You may want to contact both the NC Museum of History and the State Archives of NC to see if they might be interested in the bible. Both institutions have military collections.

Here is the link for the “Donate an Artifact” page for the Museum of History: https://www.ncmuseumofhistory.org/collections/donate-artifact. You will find contact information there.

And here is the military collections page for the State Archives: https://archives.ncdcr.gov/researchers/collections/military-collections. You’ll find contact information there as well.

Thank you again for reaching out with this.

And please let me know if you have any additional questions.

Best wishes,
Kelly Agan, Government & Heritage Library
 

Comment: 

Hi. I'm doing some researches for my estranged US Cousins. Their grandmother went from Le Havre to New York. I'm wondering if she was abroad the Vance in 1946, she has registered under her married name. Mrs Paulette Thibodeaux. I'd say between March and April 1946.

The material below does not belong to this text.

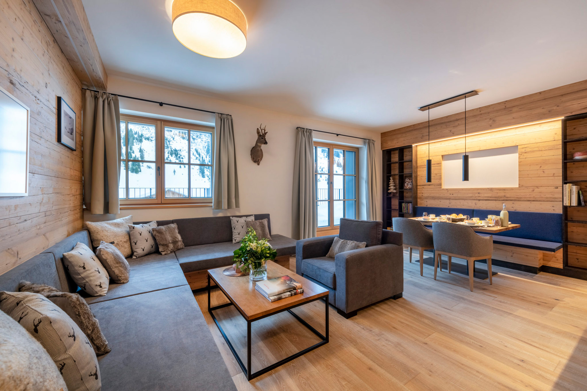 Part of the Brunnenhof Residence, Apartment Brunnenhof 1 offers a prime location for a luxury ski holiday in Lech, with easy access to both the slopes and resort centre. The closest ski lift, the Schlosskopf chairlift, is just a six-minute walk or two-minute drive away, with the Schlegelkopfbahn chairlifts, beginners' slopes, and Rüfikopfbahn gondolas also within easy reach. A ski bus stop directly outside the residence provides convenient transport. The heart of Lech, featuring a variety of bars, restaurants, and shops, is just a 10-minute walk or three-minute drive away.

Thank you for your answer.

Comment: 

I arrived in the United States aboard the ZB Vance on July 17 1948. I was 2 years old so I have no memory of the crossing but I do have a couple of pictures that show me well dressed and smiling while playing on the deck. Is it possible to find the passenger list for that crossing?

Comment: 

Dear Mr. Sargent,

Thank you for your question. I'm afraid I wasn't able to find any passenger lists for 1948 crossings of the USS Zebulon B. Vance. If you can send other names that might have been on the list, I would be happy to inquire further.

Thank you.

Mike Millner, NC Government & Heritage Library 

Comment: 

Hello all,
My father-In-Law Bernard Phillips served on the Vance as an oiler in the engine room on the Murmansk run. Later he went to OCS and became an ensign on other ships. He passed away eight years ago, and was proud of his service till his dying breath. If there is anyone out there who knew him or has any information about him please contact me.
Merry Christmas.
Thank you

Comment: 

My Mother was in the Army Nurse Corps (Evelyn F. (Sherry) Sherick ) and met my dad, Bernal (Bill) C. Sell (marine engineer) aboard the Vance. If anyone has any remembrances of them, I'd be grateful. Mother passed away on July 1, 2017 at the age of 94. Dad passed away on October 18, 1995 at the age of 73. I'd be interested in any records of their duties.

Comment: 

MY Grandmother was a war bride from England and arrived in the US in July 1946 with a baby girl. I would love to see any photos that anyone might have from this trip as we don't have much in the way of pictures. I am also interested to know if this ship is still in existence and where it might be. THis is very important to me if anyone can help with information.

Comment: 

My father Karl Kahla was onboard the Vance and arrived on January 1st, 1947. His mother was Gertrude Longbrake and was on the same ship. Trying to get information when the ship actually left port, which port and how long they were at sea. They arrived at Ellis Island on 1/1 1947.
Thank you in advance
Renee Spencer

Comment: 

Dear Renee,

Thank you for visiting NCpedia and taking time to share your question. 

I am referring you via the email address you included in your post to Reference Services at the North Carolina Government & Heritage Library.  A librarian will contact you shortly to help with this question, if you are still looking for information.